Un tempo i pesci sciabola (Lepidopus caudatus) o “spatola” come viene anche chiamato in alcune zone del sud venivano pescati occasionalmente solo dai fisherman cultori del bolentino di fondale, soprattutto nella fase di recupero, quando gli sciabola aggredivano le prede rimaste allamate. Più spesso però accadeva che questi pesci, forniti di una serie di denti piccoli ma molto affilati riuscissero a recidere nettamente i terminali in nylon, con grande disappunto dei pescatori. Insomma era davvero un guaio incappare in un branco di questi predatori degli abissi. Poi è arrivato il vertical jigging e le cose si sono messe male per gli sciabola … questa volta le parti si erano decisamente invertite.

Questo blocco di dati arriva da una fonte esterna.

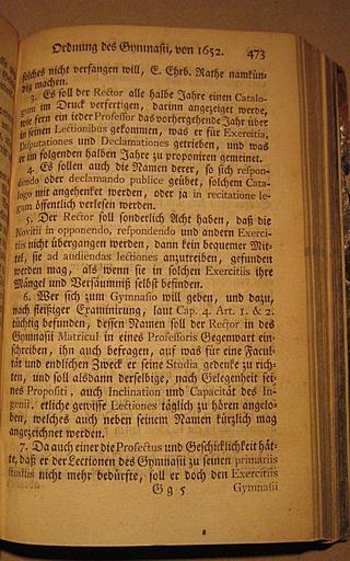 | Keywords: De Ordnung des Gymnasii 473.jpg De_Ordnung_des_Gymnasii_ jpg 472 474 This is a scan of the historical document with the title <br/> Ordnung des Gymnasii aus/ From Sammlung Hamburgischer Gesetze und Verfassungen Der Achte Theil Photo from original book 1770 Klefeker Johann Ed PD-old-100 De Ordnung des Gymnasii |
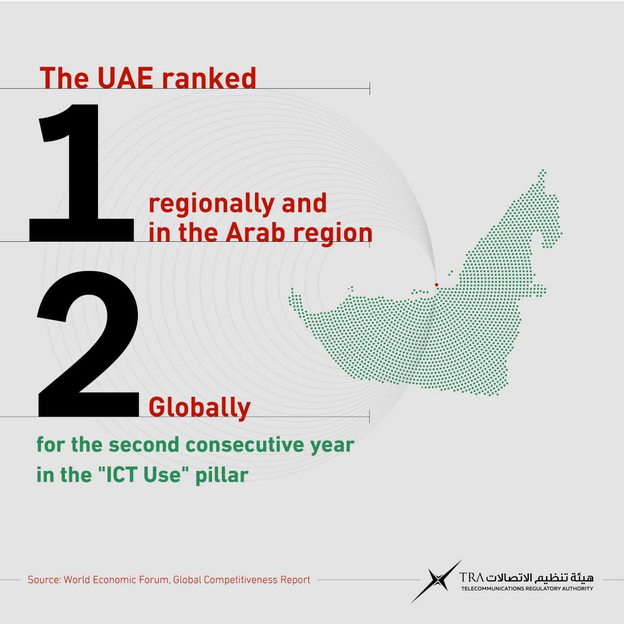 The UAE concluded 2020 by achieving global leadership in telecom sector quality and evolution, where the country maintained the first place in the Arab region and regionally, and came second globally for the second consecutive year in "Use of telecommunications/ICTs", which measures the efficiency and evolution of the telecommunications sector in countries around the world as part of the Global Competitiveness Report issued by the World Economic Forum.

Infatti nonostante qualche taglio, operato per lo più sul terminale, gli sciabola poco potevano contro i grossi assist line utilizzati per collegare gli ami ai jigs metallici, in molti casi persino rinforzati con l’aggiunta di tubetti in plastica. Del resto sin dai primissimi tempi gli sciabola avevano dimostrato di essere irresistibilmente attratti dai movimenti fluttuanti ed ondeggianti di quei cosi metallici luccicanti che riuscivano a sfondare facilmente le profondità ed il buio degli abissi.
Peccato che il pesce sciabola non sia apprezzato gastronomicamente in egual misura al nord come al sud, dove lo troviamo assai comunemente nei mercati ittici rionali più antichi come la “Vucciria” a Palermo. Eppure è un pesce dalle carni ottime.
Pensate che in Giappone è considerato una delle prede tipiche del vertical jigging classico, alla stessa stregua di yellowtail, dogtoooth tuna, snapper e cernie, tanto da dedicargli delle canne specifiche oltre a jigging e montature adeguate.